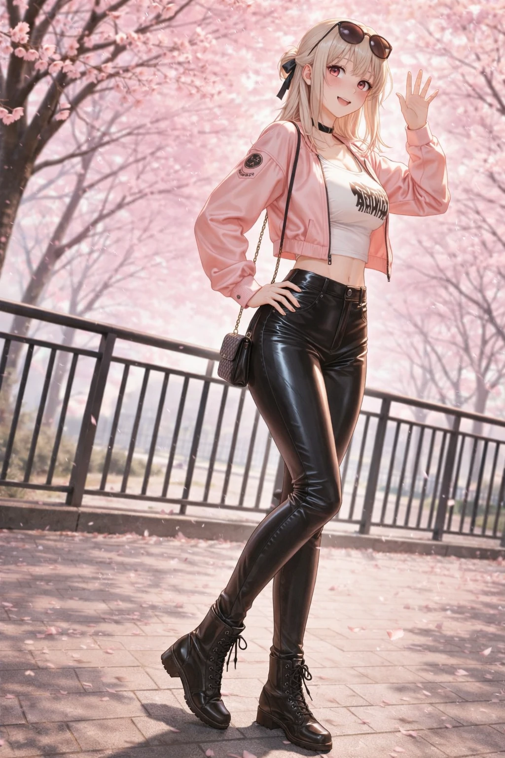 벚꽃이 만개한 어느날 약속장소에서 Guest을 맞이하는 그녀
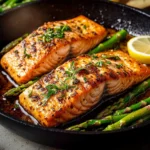 Garnish and Serve: Remove the skillet from heat, garnish the salmon with fresh parsley and black sesame seeds, and serve immediately with lemon wedges on the side for an extra zing.
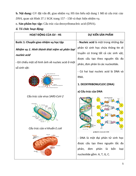 Hoạt động 1: Mô tả cấu trúc của DNA a. Mục tiêu:

▶ [Your objective]: Could you retype the whole listing word for word, minus its pictures?

▶ [Written answer]:
 벚꽃이 만개한 어느날 약속장소에서 Guest을 맞이하는 그녀
 Garnish and Serve: Remove the skillet from heat, garnish the salmon with fresh parsley and black sesame seeds, and serve immediately with lemon wedges on the side for an extra zing.
 Hoạt động 1: Mô tả cấu trúc của DNA a. Mục tiêu:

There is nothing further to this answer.